Although the court below did not file any findings of fact and conclusions of law, we think the evidence adduced upon the hearing of the application for mandamus was sufficient to sustain findings to the effect that on December 13, 1948 the Justice of the Peace inadvertently entered judgment by default against Weibusch as the result of a clerical error in failing to make his customary record when an answer is filed; that on December 29, after the term of his court had expired, the Justice of the Peace discovered that Weibusch had not been in default and thereupon he entered an order vacating the prior judgment; that appellant then moved the Justice of the Peace to set aside the vacating order, to reinstate the default judgment and to issue execution thereon; and that the latter motion, after some character of a hearing, was overruled.
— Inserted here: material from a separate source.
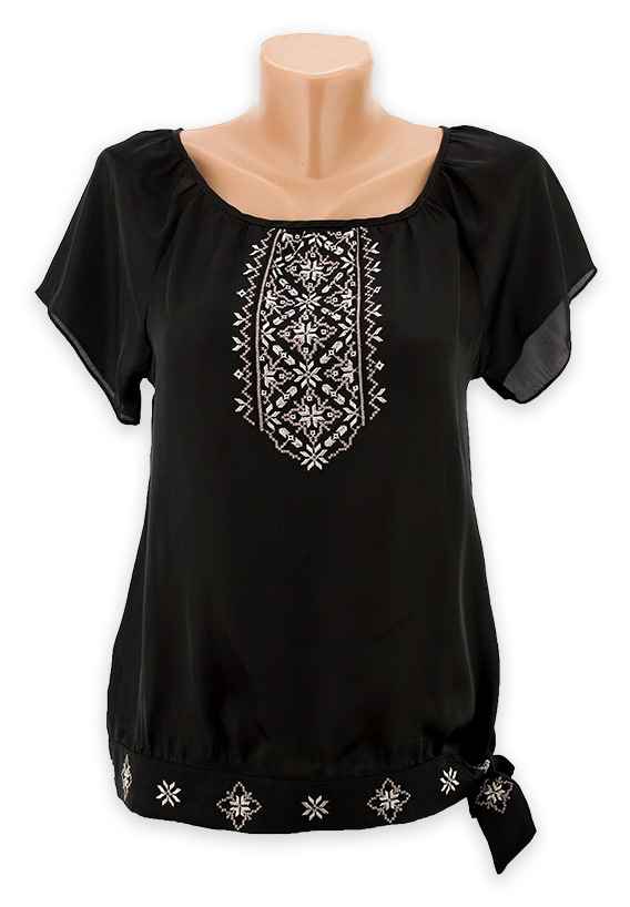 А мне очень понравилась такая сорочка вышиванка на черной ткани! Вроде и ткань черная, но из-за самой вышивки блузка кажется яркой и праздничной. Вложение:

Neither the citation that was served upon Weibusch nor the default judgment that was entered against him in the Justice Court or the order overruling appellant’s motion to reinstate the same was introduced in evidence upon the hearing of the application for mandamus, notwithstanding such instruments or properly certified copies thereof would have been the best evidence as to the recitals and contents of each.
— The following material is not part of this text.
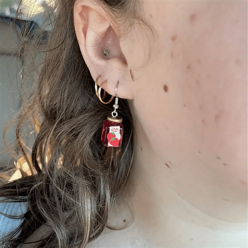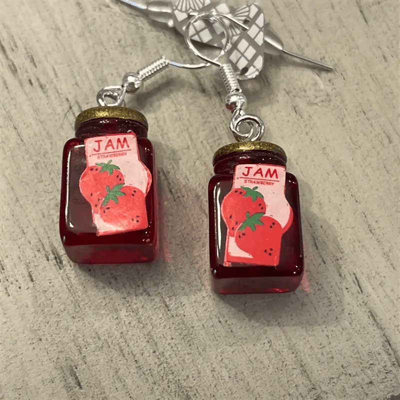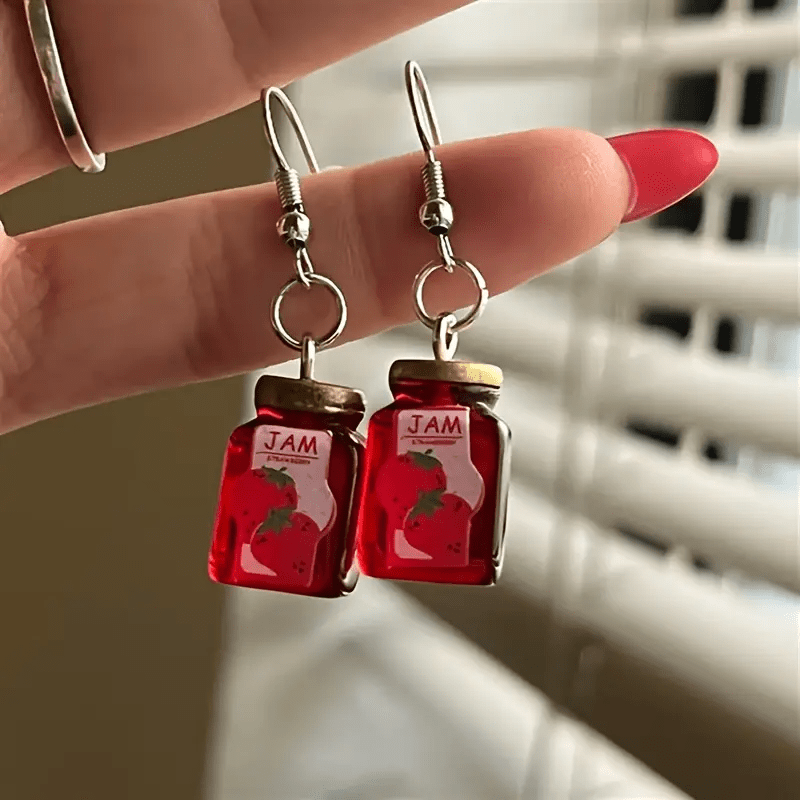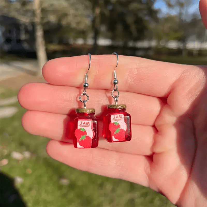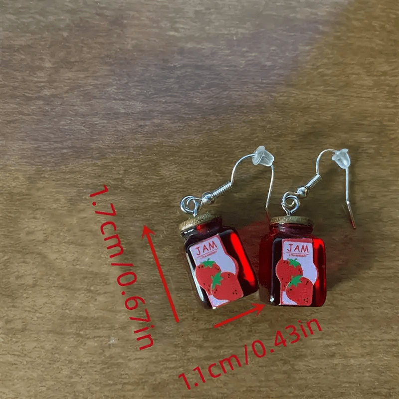 Chic and stylish strawberry jam jar earrings made of resin, perfect for daily wear and vacation. No feather copper ear wire for comfortable fit.

In our opinion the affirmative duty rested upon appellant to bring before the court all necessary parties to the mandamus proceeding and to make a clear showing by the introduction of competent evidence of its right to the relief sought. Under the circumstances shown by this record we think Weibusch was a necessary party to such proceeding and in his absence, the court below could not properly grant the relief there sought, regardless of any other consideration. Nevitt v. Wilson, 116 Tex. 29, 285 S.W. 1079, pt. 1, 48 A.L.R. 355.
' Accordingly, the judgment appealed from is affirmed.